The fact is that, regardless of what the original thoughts may have been concerning the pipeline, Russia has made so many commitments concerning this pipeline that it would be almost impossible for them to back out. There are three Western European private companies who are partners in this project. It is extremely doubtful that Germany's Wintershall (a division of BASF), Italy's ENI, and France's EDF would incur start-up expenses in support of a Russian political ruse. Gazprom still controls 50% of the consortium and could unilaterally kill the project, but it would incur the wrath of its other partners.
The same goes for the various governments that have signed on. Bulgaria has hired a company for a feasibility study, Slovenia has created a JV to build and operate their share of the pipeline, Serbia looks forward to being a key transit center, Greece (now to be on a spur instead of the main line) has identified the pipeline as a national priority, etc.
Much has been made that South Stream has not identified where it will get the 63 bcm annually it needs to fill the pipeline. In fact, South Stream never planned to identify new sources of gas, but to use the gas that is presently transiting the Ukrainian pipeline system, according to South Stream CEO Marcel Kramer. European Energy Review published an interview with Kramer on this subject. "The basic and overriding target of Russia is to ensure the technical, managerial and economic reliability of its gas supply. That is where South Stream comes in. Don't forget that the pipeline system in Ukraine is in a poor state. It's being said that it is old, dilapidated, without an integrated management system. To upgrade the entire route through Ukraine would also cost a lost of money. Then you get into questions of ownership, operatorship, who puts up the money, the chances of political interference. The bottom line is, is this an arrangement that the buyers of gas in Europe can rely on? If you put all this together, the answer is clear," he said.

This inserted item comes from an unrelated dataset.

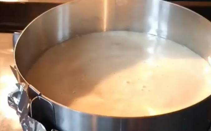 2. Перемешать движением лопаточки снизу вверх. ⠀ Вылить тесто в форму, у меня кулинарное кольцо 18-19 см и выпекать в разогретой до 170° духовке около 40 минут. Готовность проверить деревянной зубочисткой. ⠀ Бисквит остудить, извлечь из формы, перевернуть шапочкой вниз (у меня была маленькая и поверхность выровнялась за ночь), завернуть в пищевую плёнку и убрать на ночь в холодильник (можно на сутки).

Ukraine, of course, is opposed to the new pipeline. Energy Minister Yuri Boiko called South Stream a threat to Ukrainian national interests. "We will always be against it," he said according to UPI.
Another question has been whether there is sufficient demand for Russian natural gas to justify the building of the pipeline. Andrea Bonzanni, former consultant to the UN and the World Bank, wrote in World Politics Review that the mid- to long-term outlook for gas demand does not seem to justify the construction of both Nabucco and South Stream.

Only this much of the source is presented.